Several authors filed a class action against Anthropic in August 2024. They allege that Anthropic trained its Claude AI model on millions of books without permission. Some of which were obtained via pirate libraries like LibGen and PiLiMi. They argue that this is a large-scale copyright infringement, not protected by fair use.

Fair use is a legal doctrine that promotes freedom of expression by permitting the unlicensed use of copyright-protected works in certain circumstances.

Anthropic’s counterargument is that using books to train a language model was transformative. This is because the model does not reproduce or distribute the works. Instead, it learns statistical patterns to generate original language. In a summary judgment on 23 June 2025, the US district court ruled on fair use in AI training. The court held that training on lawfully acquired works by scanning books for computational analysis was fair use. However, using pirated copies was not fair use, and could proceed to trial. This decision led to Anthropic and the Authors reaching a settlement of $1.5bn. This settlement is the biggest copyright settlement in US history to date.

Fair use and AI training

Section 107 of the U.S. Copyright Act outlines the factors that courts consider when determining fair use. The court in the Anthropic AI copyright settlement applied these factors to AI training, demonstrating how Section 107 guides fair use analysis in the context of AI and highlighting transformative use and limited market harm as key considerations.

Purpose and character of the use

In general, courts examine how the party claiming fair use is utilising the copyrighted work and whether they are using the work in a transformative manner. For work to be transformative, it must add something new, be used for a different purpose and have a different character than the original work.

The court in the Anthropic case held that Anthropic was merely extracting non-copyrightable information by using the books to train the Claude AI model. This is because there is a shift in format, from print to digital, and the creation of the new technology (Claude) goes beyond mere copying. The use is transformative because it enables new functionalities, such as storage, searchability, and generative use, that the original works do not provide. However, the court highlighted that the use of pirated copies cannot be retroactively sanctified by a transformative purpose.

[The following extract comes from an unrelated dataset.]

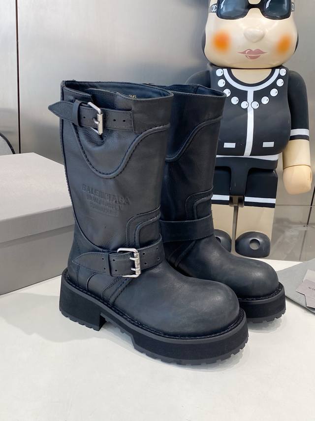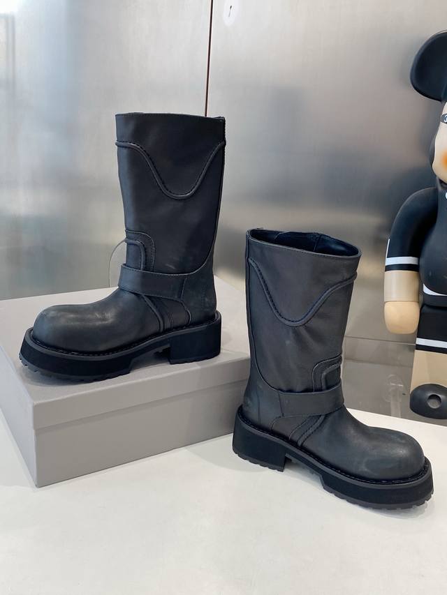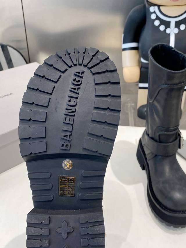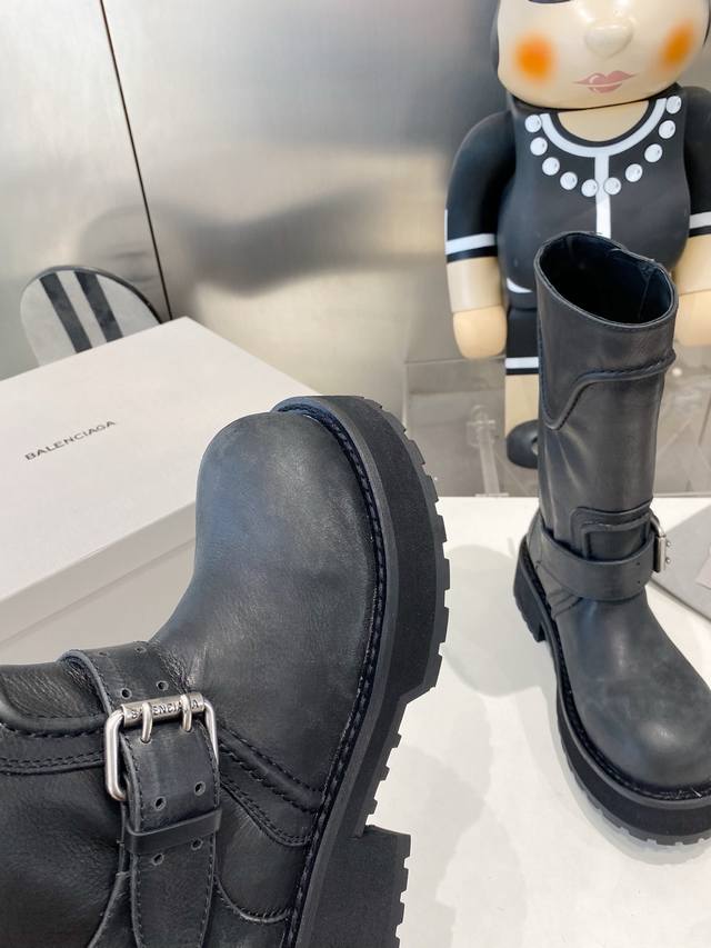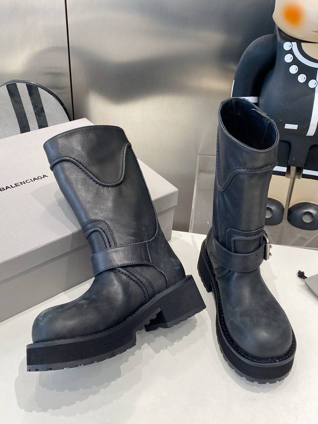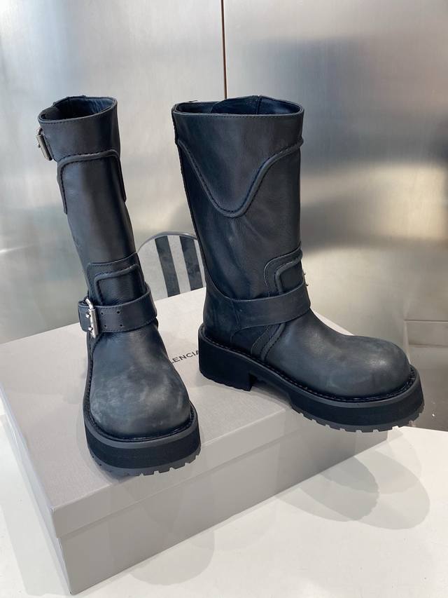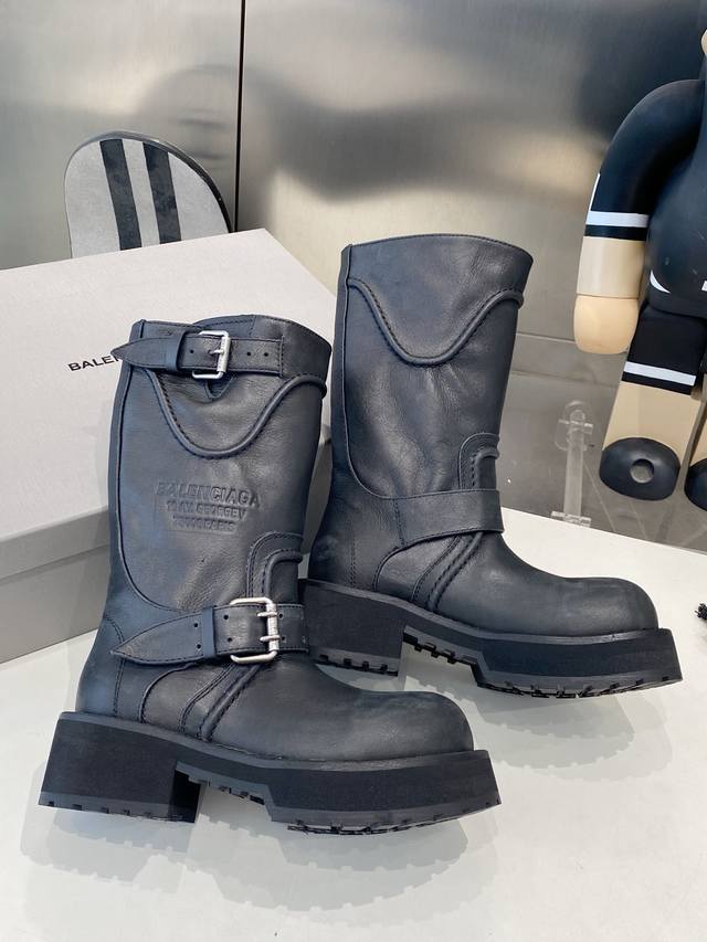 出厂 Balenciaga巴黎世家25Fw毒液Venom中筒靴 DDD 这款靴子在设计上独具匠心 以绑带与皮带元素作为亮点 不仅能将靴子稳固贴合于足部 更可随心调节松紧 在细节处理上 品牌标志性的做旧五金件贯穿始终 巧妙营造出复古磨损效果,彰显个性态度搭配厚实的齿状橡胶鞋底 既保证了穿着的舒适度,又强化了整体的时尚感与辦识度Venom中筒靴无疑是本季不容错过的时尚单品,它将为时尚爱好者们的穿搭增添别样魅力,引领新一轮的潮流风尚 DDD 鞋面:头层牛皮做旧处理 DDD 内里:进口水染牛皮 DDD 大底:原版

This mirrors reasoning in Authors Guild v. Google, where Google’s digitisation of books for search indexing was deemed transformative, because the searchable index did not provide a substantial substitute for the copyrighted works but instead allowed increased access to information through snippets displayed in search results.

Nature of the work

Typically, using creative or imaginative works, such as novels, movies, or songs, is not considered fair use. In contrast, using factual works, such as technical articles or news items, is considered fair use.

In the Anthropic AI copyright settlement, the court stated that training AI models adds new purpose and meaning to the original works. While recognising that the copyrighted books were creative and received strong protection, the court found this factor to be only marginally relevant because Anthropic’s computational use was highly transformative.

Amount and substantiality

Under this factor, courts examine whether the use of copyrighted works constitutes a substantial portion of the copyrighted work. Courts are more likely to find fair use when a small amount of copyrighted material is used.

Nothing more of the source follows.